The motivation re the experimental facts seems related how Netty event loop
group works:
- Netty assign client connections in round-robin fashion to the configured
Netty threads
- each client connection can issue write/read events on the event loop
(single) selector to wakeup for any work to do
- if the number of Netty threads exceed the number of cores and the number
of clients is <= Netty threads, each time such notification happen they have
some chance (2/3 possibilities) the thread that's going to handle it won't be
on cpu (because they exceed the amount of cores) and the OS is forced to
deschedule some (random) thread in order to run the Netty thread responsible to
handle the interrupt, causing un-necessary context-switches.

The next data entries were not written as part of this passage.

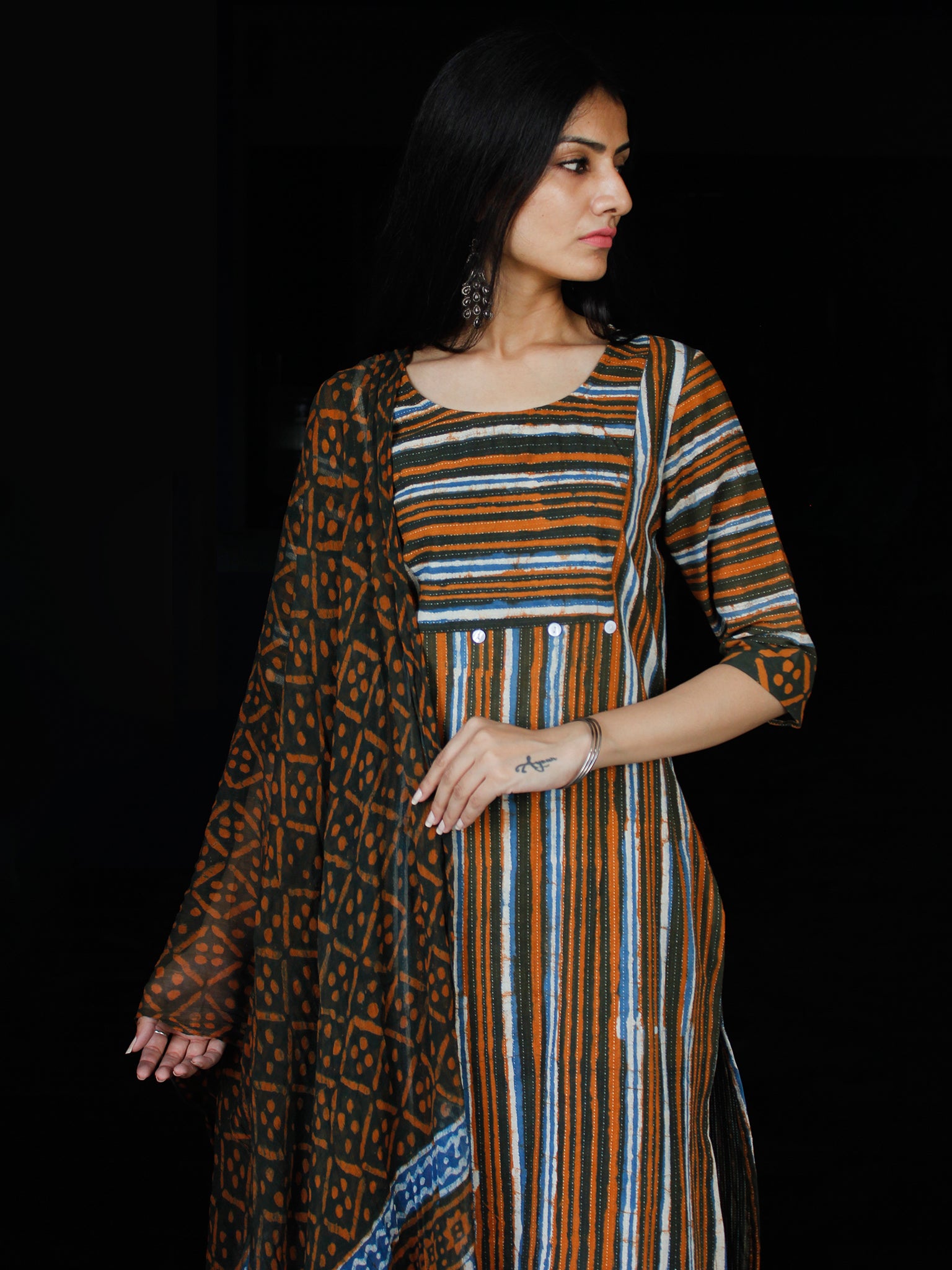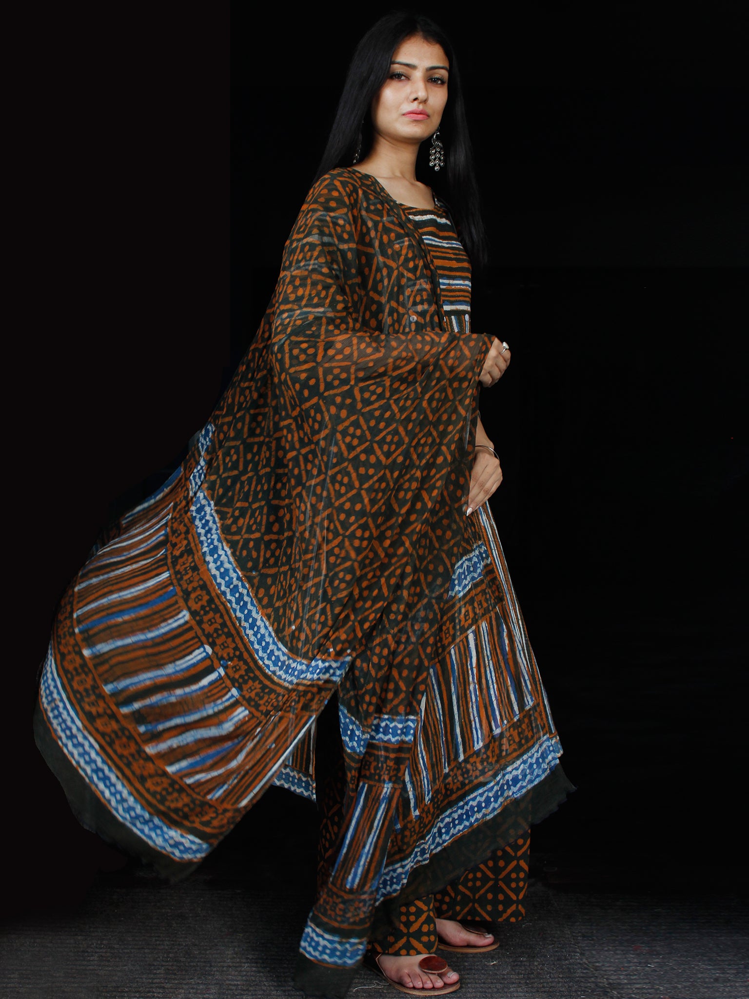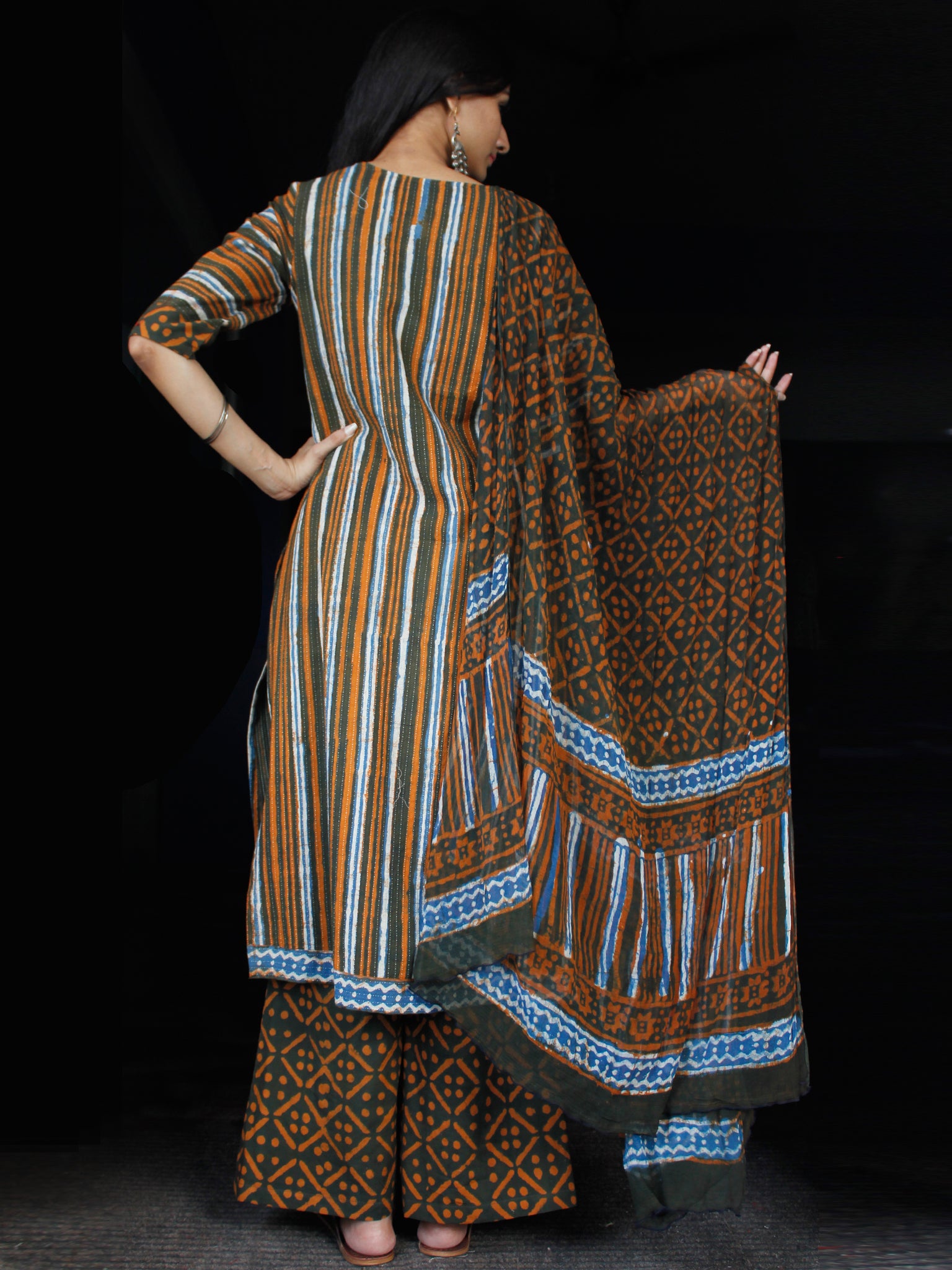 PRODUCT: Set of Kurta, Pant and Dupatta. Block printed by Artisans in Rajasthan.
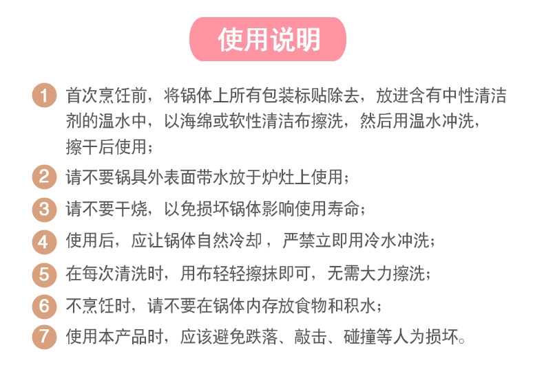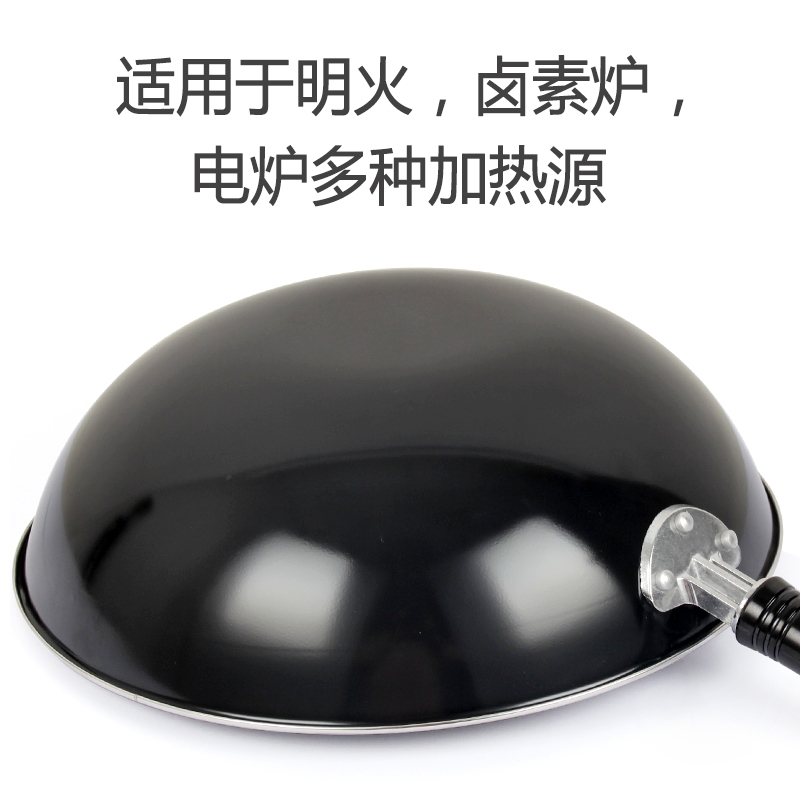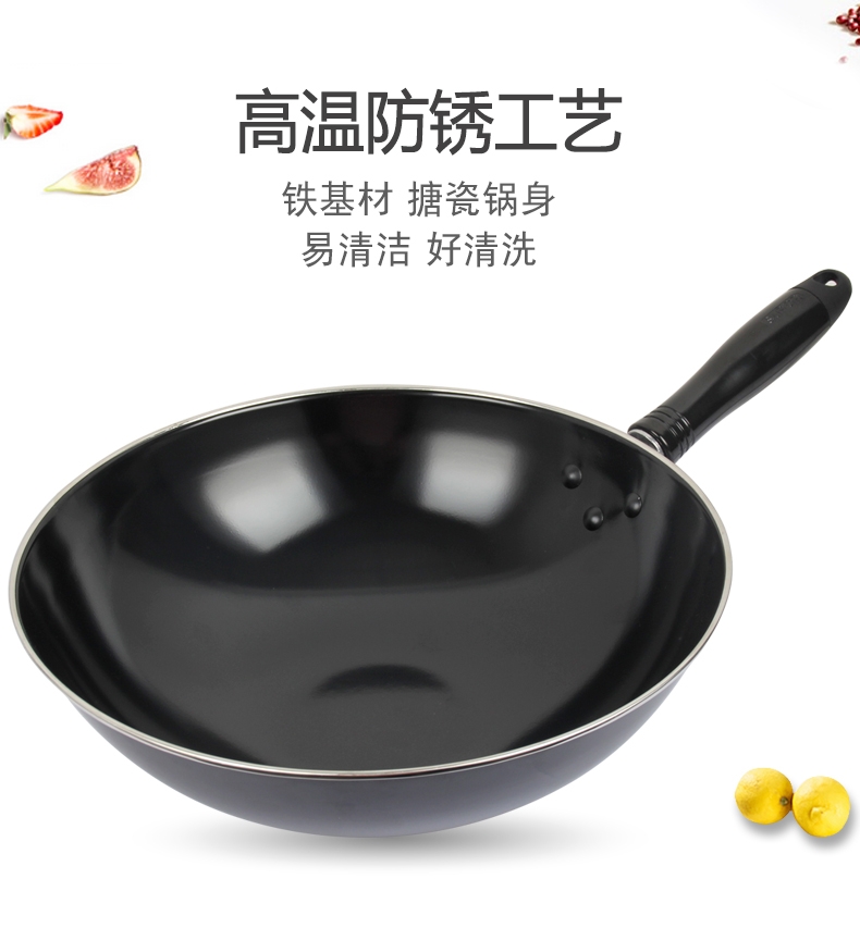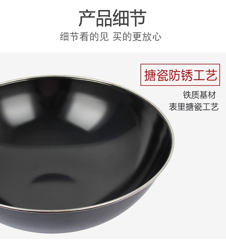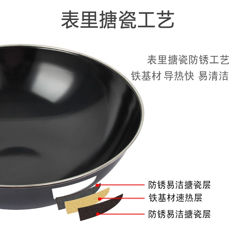 优质铁基材,卫生健康 ;表面高温防锈处理,表里搪瓷工艺,一擦即亮 ;燃气灶明火专用
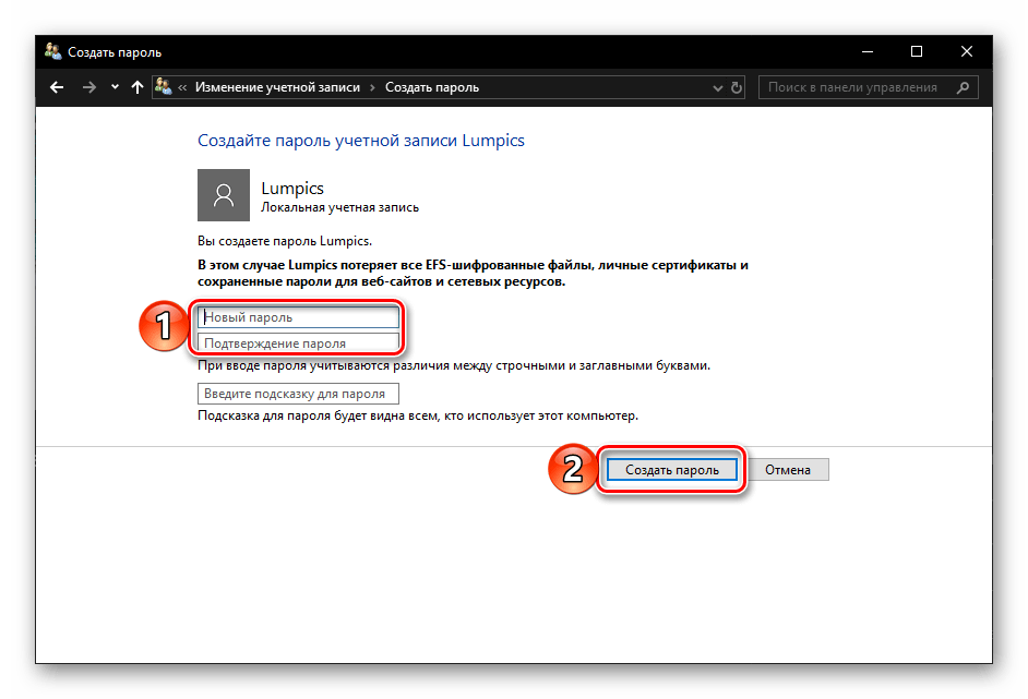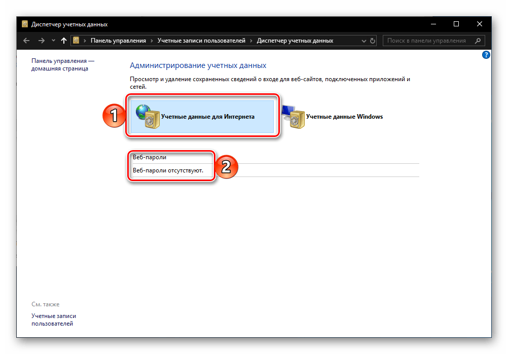 Как мы уже сказали в самом начале данной статьи, просмотр сохраненных паролей в Интернет Эксплорере возможен исключительно из-под учетной записи Администратора, которая, к тому же, должна быть защищена паролем. Если таковой не установлен, в «Диспетчере учетных данных» вы либо вообще не увидите раздела «Учетные данные для Интернета», либо не увидите только сохраненные в нем сведения. Решений в данном случае два – установка пароля на локальную учетную запись или вход в Windows с помощью учетной записи Microsoft, которая по умолчанию уже защищена паролем (или пин-кодом) и наделена достаточными полномочиями.

The netty default is of 2X the amount of cores for applications that heavily
relies just on event loop processing, but Artemis it's not: even AMQP use I/O
threads and need GC, compiler threads and sometime global threads to perform
its job. Just using 3X is a waste of resources for the current Artemis version.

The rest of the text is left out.